BCH: The Underrated Contender
Despite being overshadowed by BTC and ETH, Jiang sees strong potential in Bitcoin Cash (BCH)—holding around 30% of his portfolio in it.
He highlights the “story” behind BCH: its origin in the 2017 block size debate gives it narrative power. Dubbed “the prince” or “太子,” BCH carries symbolic weight as a challenger to Bitcoin’s dominance.
In past bull runs, nearly every surviving major coin surpassed its previous highs—often by multiples. With BTC likely to face network congestion in the post-bull phase, BCH could benefit from users seeking faster, cheaper transactions.
"The biggest story in crypto is the scaling debate—and BCH is central to that."
Will POW Coins Disappear? The Enduring Value of Mining
Some speculate that Proof-of-Stake (PoS) will make mining obsolete. Jiang firmly disagrees.
Proof-of-Work (PoW) provides intrinsic stability:
- High transaction fees during bubbles naturally drain excess speculation.
- Mining creates tangible value—like gold extraction—giving coins perceived legitimacy.
Moreover, seeing massive mining farms impresses skeptics. There’s psychological power in knowing thousands of machines secure the network.
"People trust what they can see. Mining makes crypto real."
Thus, Jiang argues, PoW-based coins like BTC and BCH won’t fade—they’re foundational.
DeFi vs. Mining Coins: A False Dichotomy?
While DeFi projects have seen explosive growth, often outpacing older mining-based coins in market cap, Jiang sees coexistence—not replacement.
DeFi runs largely on Ethereum, which itself may transition to PoS. But that doesn’t diminish the role of PoW networks in securing value and providing decentralized money.
Instead of competition, think ecosystem synergy: DeFi innovates at the application layer; mining secures the base layer.
How Long Will This Bull Run Last?
Jiang believes we're already in one of the most aggressive bull markets ever—with stable, non-stop upward momentum due to institutional inflows acting as a "ballast."
He predicts:
- BTC could peak at $100,000
- The top may come in early 2022
- A sharp correction (50–60%) could occur before a final surge
But beware: when retail FOMO hits, leverage skyrockets, and prices spike exponentially—that’s often the warning sign of an impending crash.

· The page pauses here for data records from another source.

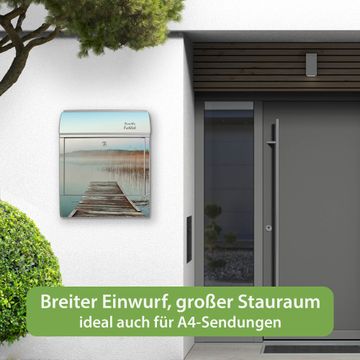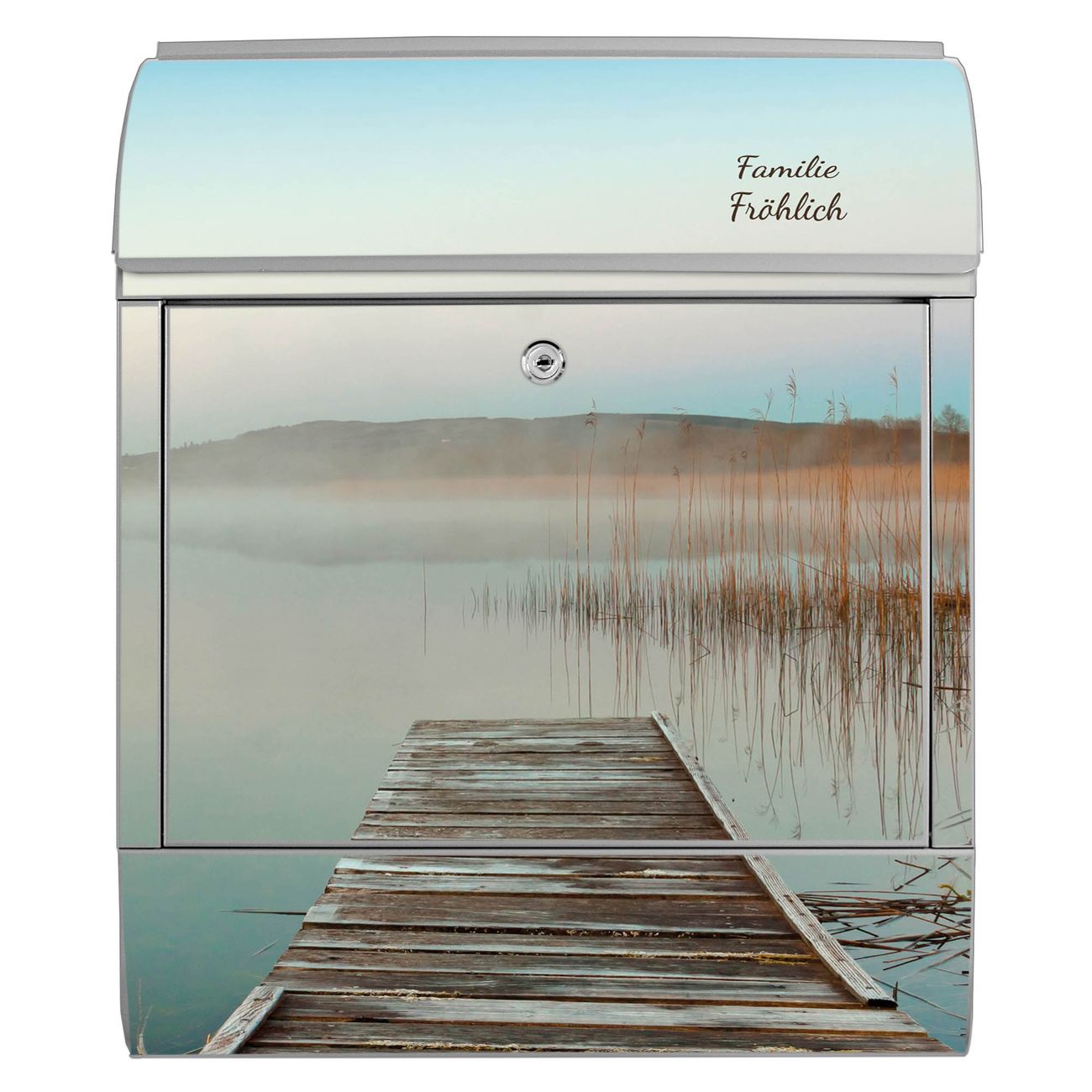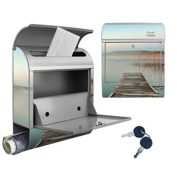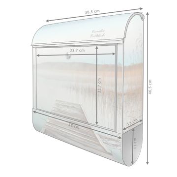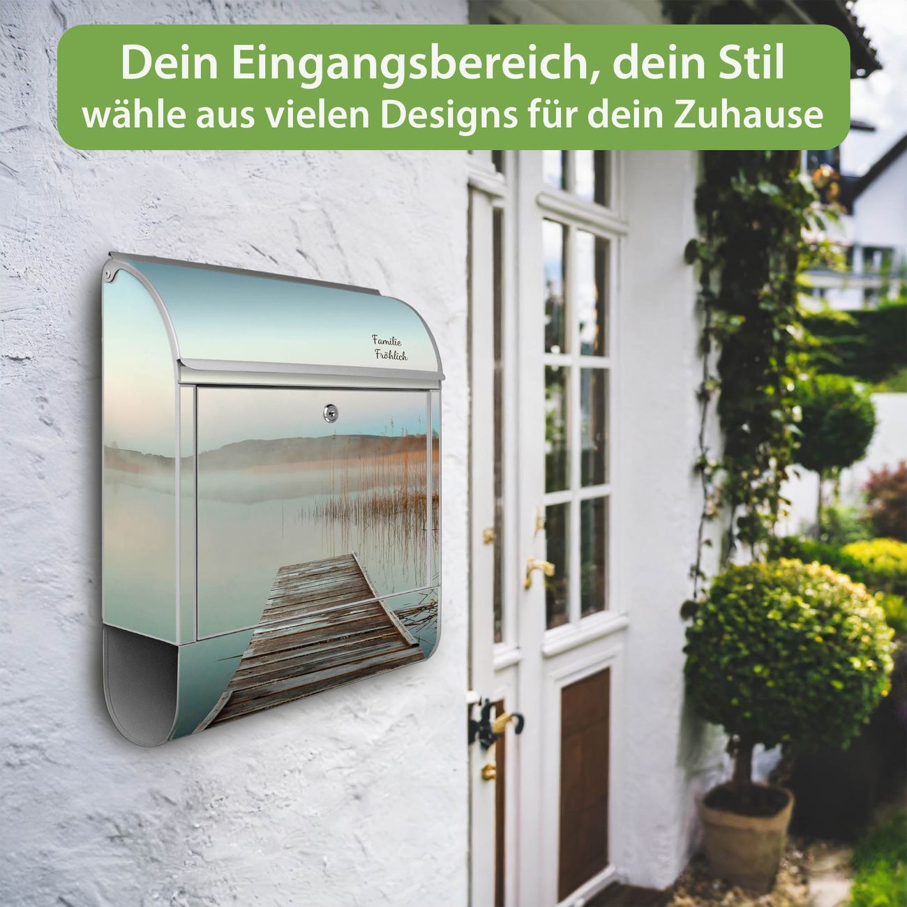 DESIGN: Der Postkasten mit Motiv Motiv Alter Steg hat ein sehr ansprechendes und ausgefallenes Design, damit entlocken Sie Ihren Nachbarn und dem Postboten ein Lächeln. Heben Sie Sich von der tristen grauen Masse ab, ohne auf Funktionalität zu verzichten. DETAILS: Der Postkasten besteht aus pulverbeschichtetem Stahl. Er ist 38x46x12,5cm groß. Das Motiv besteht aus einer wetter- und UV-resistenten Folie, die mit einem Schutzlaminat überzogen ist, sodass der Briefkasten zusätzlich vor Kratzern geschützt ist. Der Briefkasten wird mit Montagematerial, zusätzlich zwei Schlüssel sowie einer Bohrschablone geliefert. NUTZEN: Sie können diesen Briefkasten sowohl als Wandbriefkasten montieren oder einen passenden Ständer kaufen und als Standbriefkasten einbetonieren. Die Größe bietet genügend Platz für Sendungen aller Art, der Einwurf fasst auch größere A4 Sendungen. BANJADO: Ihr Briefkasten wird in Sachsen in einer kleinen Manufaktur von Hand veredelt. Die Motivfolie ist lösungsmittelfrei und schutzlaminiert für einen langen Halt. Wir legen großen Wert auf die Verbindung von Funktionalität und Design. Sie erhalten Handarbeit aus Sachsen.
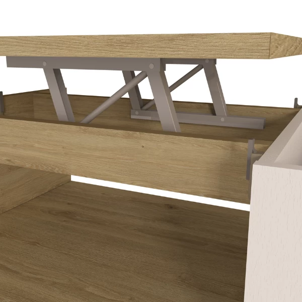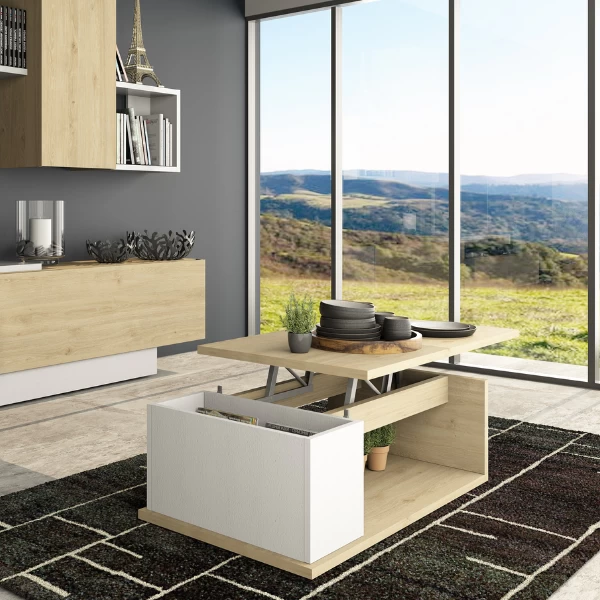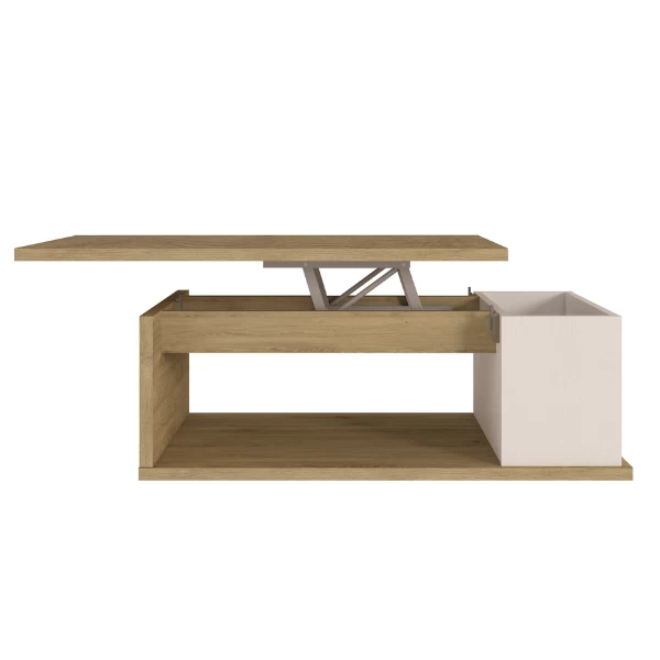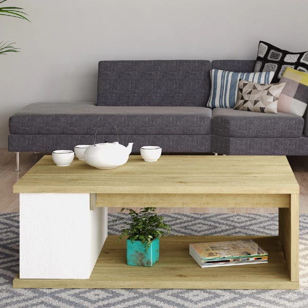 Salontafel Otawa heeft een eenvoudig, maar vernuftig design. Je kan het tafelblad immers naar jou toe trekken en gebruiken als plateau. Wanneer je het tafelblad uittrekt, zal je merken dat je het witte gedeelte ook als opbergvak kan gebruiken. Handig, niet?
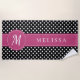 Schwarz-Pink-Weiß-Monogram-Polka-Punkte Strandtuch
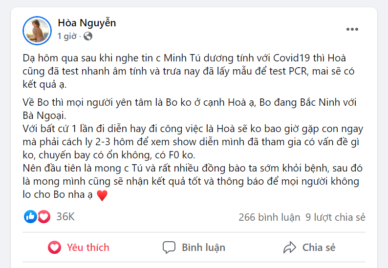 Bên cạnh đó, Hòa Minzy cũng động viên khán giả không cần quá lo lắng cho bé Bo bởi cô không ở cạnh con trai thời điểm này. Cô viết: “Về Bo thì mọi người yên tâm là Bo không ở cạnh Hòa ạ, Bo đang ở Bắc Ninh với bà ngoại. Với bất cứ 1 lần đi diễn hay đi công việc là Hòa sẽ không bao giờ gặp con ngay mà phải cách ly 2 - 3 hôm để xem show diễn mình đã tham gia có vấn đề gì không, chuyến bay có ổn không, có F0 không”.

"If everyone's rushing in at once, especially with borrowed money, the fall will be brutal."
Advice for Ordinary Investors
Jiang’s top tips:
- Avoid futures and leverage—even in bull markets.

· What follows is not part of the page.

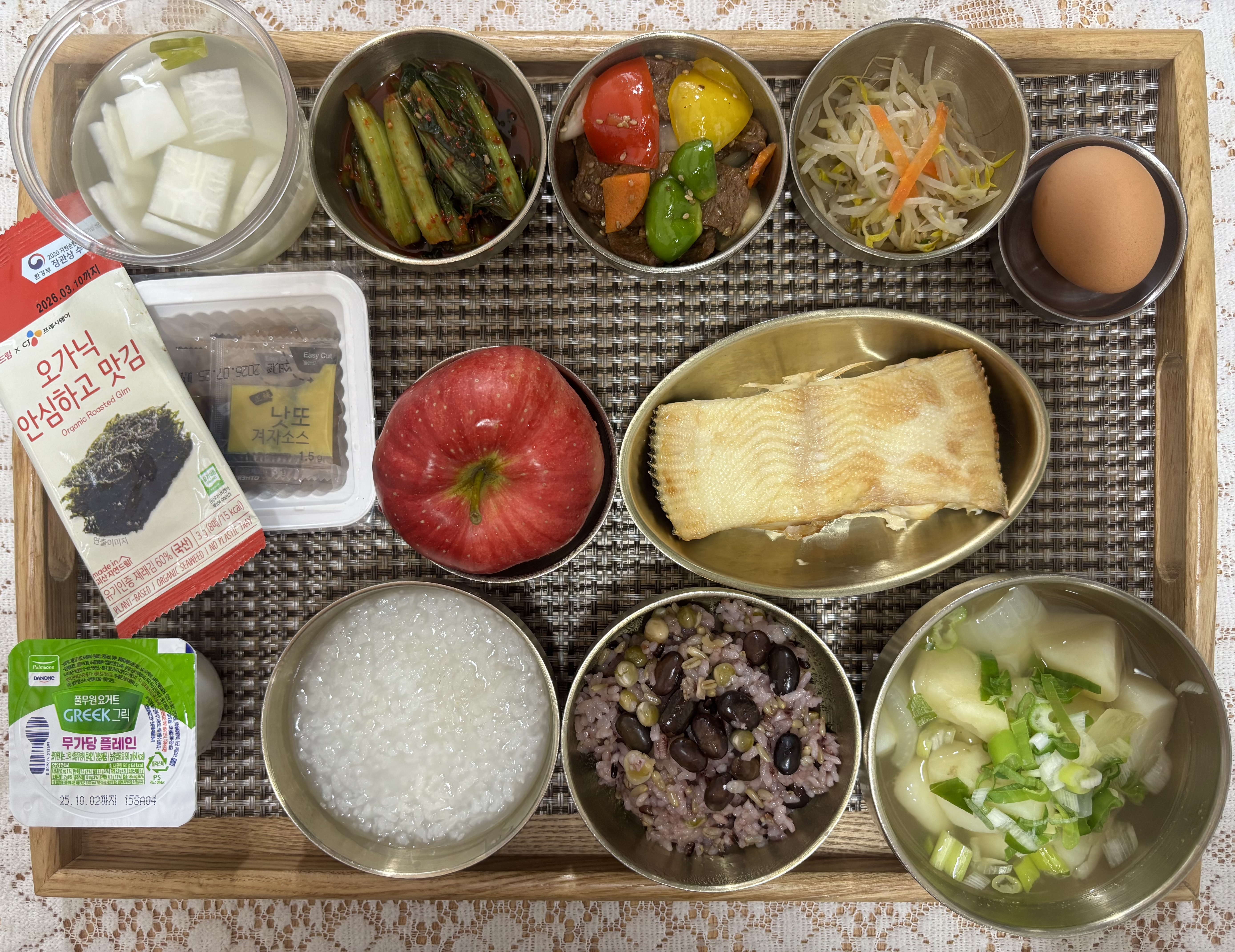 잡곡밥/죽/감자국/가자미구이/콩고기볶음/낫또&김/숙주나물/갓김치/나박김치/사과/계란/요거트
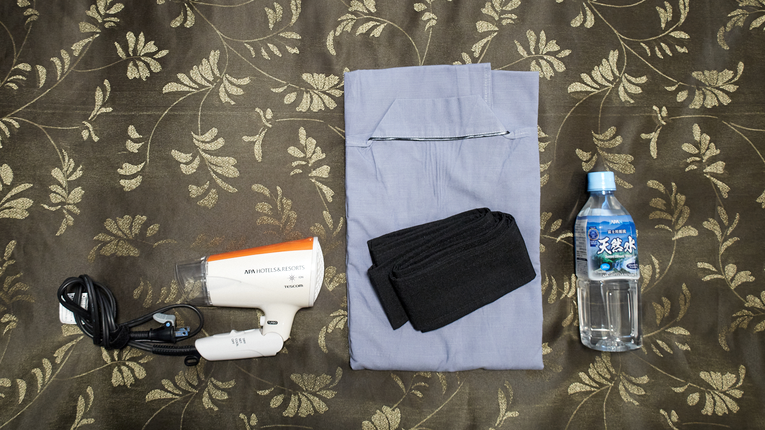 館内着は浴衣(内側が紐で結べるタイプ)、帯と半纏はんてんが用意されています。もちろん、浴衣のまま大浴場利用も可。浴衣が苦手な方はパジャマや部屋着を持参しても良いかもです。(私はTシャツとリラコ持参😛)他には使い捨てスリッパが無料で置かれている点もポイント高かったです。

- Don’t try to time the market—k-lines don’t predict black swan events.
- Consider mining—it aligns with human psychology. You’re more likely to hold when you're earning daily rewards.

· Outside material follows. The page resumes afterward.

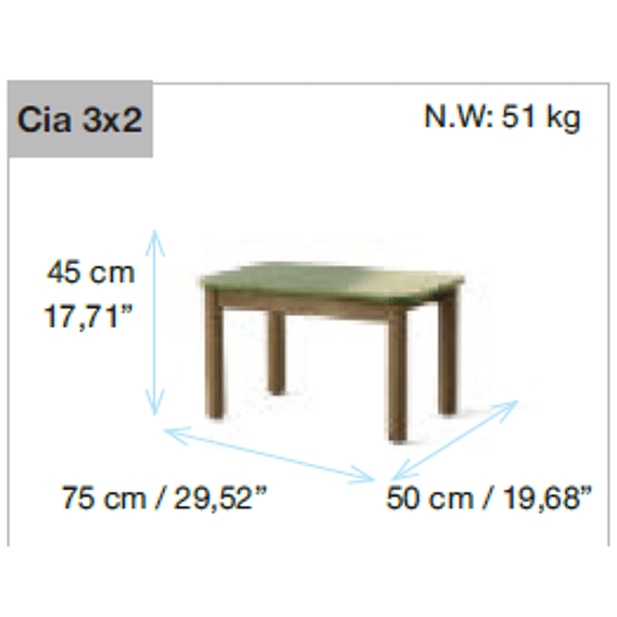 Calma salontafel 75x50x45cm hoog iroko of tegel top

Mining turns investment into an active business—making it easier to ride out volatility.
FAQ: Quick Answers to Key Questions
Q: What is Jiang Zhuoer’s current portfolio breakdown?
A: 40% ETH, 30% BCH, 15% BTC (for operational reserves), and 15% in innovative altcoins.
Q: Why does he favor Ethereum so heavily?
A: Because ETH enables "contract freedom" through smart contracts—powering DeFi, ICOs, and future decentralized systems.
Q: Does he think Bitcoin Cash can surpass its previous all-time high?
A: Yes—he believes all surviving major coins will exceed prior highs by at least 2x in this cycle.
Q: Is mining still profitable for average people?
A: Yes, especially during bull markets when both coin value and mining rewards increase.
Q: Can DeFi replace traditional mining-based cryptocurrencies?
A: No—DeFi and PoW serve different roles. One builds applications; the other secures foundational layers.
Q: What signals the end of a bull market?
A: Extreme retail frenzy, rampant leverage use, and exponential price spikes followed by a sharp drop—often triggered by margin liquidations.
Final Thoughts: Think Long-Term, Act Wisely
Jiang Zhuoer’s insights reveal a nuanced view of the crypto market—not just as a playground for speculation, but as an evolving financial ecosystem where technology, psychology, and macro trends intersect.
Whether you're investing in Ethereum, holding Bitcoin, exploring BCH, or getting into mining, understanding market phases and intrinsic value drivers is key.